A.C.E. stood for Acoustic Classical Electric guitars. They were made by the Poly-Tech Company of Somersworth, New Hampshire. ACE offered classical, acoustic, archtop and solid body guitars as well as strings.


Tanglewood Guitars was established in 1989 in London. The company supplies electric, steel-string acoustic and classical guitars, bass guitars, banjos, mandolins, ukuleles, and guitar amplifiers which are made in China. Tanglewood moved to Biggin Hill, Kent and have also a opened distribution centre in Yorkshire. While their early focus was distribution in the UK and Europe by 2005 they were also selling their guitars in the USA.

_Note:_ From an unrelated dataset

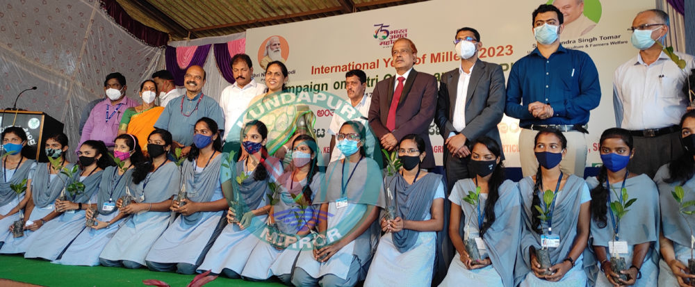 ಅವರು ಇಂದು ಬ್ರಹ್ಮಾವರದ ಕೃಷಿ ವಿಜ್ಞಾನ ಕೇಂದ್ರದಲ್ಲಿ, ಕೆಳದಿ ಶಿವಪ್ಪ ನಾಯಕ ಕೃಷಿ ಮತ್ತು ತೋಟಗಾರಿಕೆ ವಿಜ್ಞಾನಗಳ ವಿಶ್ವವಿದ್ಯಾನಿಲಯ ಶಿವಮೊಗ್ಗ, ಭಾರತೀಯ ಕೃಷಿ ಅನುಸಂಧಾನ ಪರಿಷತ್ ನವದೆಹಲಿ, ಐ.ಸಿ.ಎ.ಆರ್-ಕೃಷಿ ವಿಜ್ಞಾನ ಕೇಂದ್ರ ಬ್ರಹ್ಮಾವರ, ವಲಯ ಕೃಷಿ ಮತ್ತು ತೋಟಗಾರಿಕೆ ಸಂಶೋಧನಾ ಕೇಂದ್ರ ಬ್ರಹ್ಮಾವರ ಇವರ ಸಂಯುಕ್ತಾಶ್ರಯದಲ್ಲಿ ಆಯೋಜಿಸಲಾದ, ಅಂತಾರಾಷ್ಟ್ರೀಯ ಸಿರಿಧಾನ್ಯ ವರ್ಷ 2023 ಪೌಷ್ಠಿಕತೋಟ ಮತ್ತು ವೃಕ್ಷಾರೋಪಣ ಪ್ರಚಾರಾಂದೋಲನ ಕಾರ್ಯಕ್ರಮವನ್ನು, ಮಹಿಳೆಯರ ಮಡಿಲಿಗೆ ಸಿರಿಧಾನ್ಯಗಳನ್ನು ತುಂಬಿಸುವ ಮೂಲಕ ಉದ್ಘಾಟಿಸಿ ಮಾತನಾಡಿದರು.

Source: Tanglewood website (22 December 2020)


Overwater Basses had its origins in a cellar workshop in Denmark Street, London in 1977 where Chris May and business partner Andy Preston made and repaired guitars and basses. Overwater was officially established in 1979 and soon an additional workshop was opened in Newcastle and then an Overwater factory near Alston. In the early years Overwater made guitars and basses, but by the mid 1980s it became best known for its innovative bass designs. Chris May and the original Overwater team then split from the Newcastle and London businesses to form a separate company. Overwater Basses is now located in Carlisle in the old Atlas Works, where the Overwater team continue to make innovative electric basses.

Source: Overwater Basses website (30 October 2018)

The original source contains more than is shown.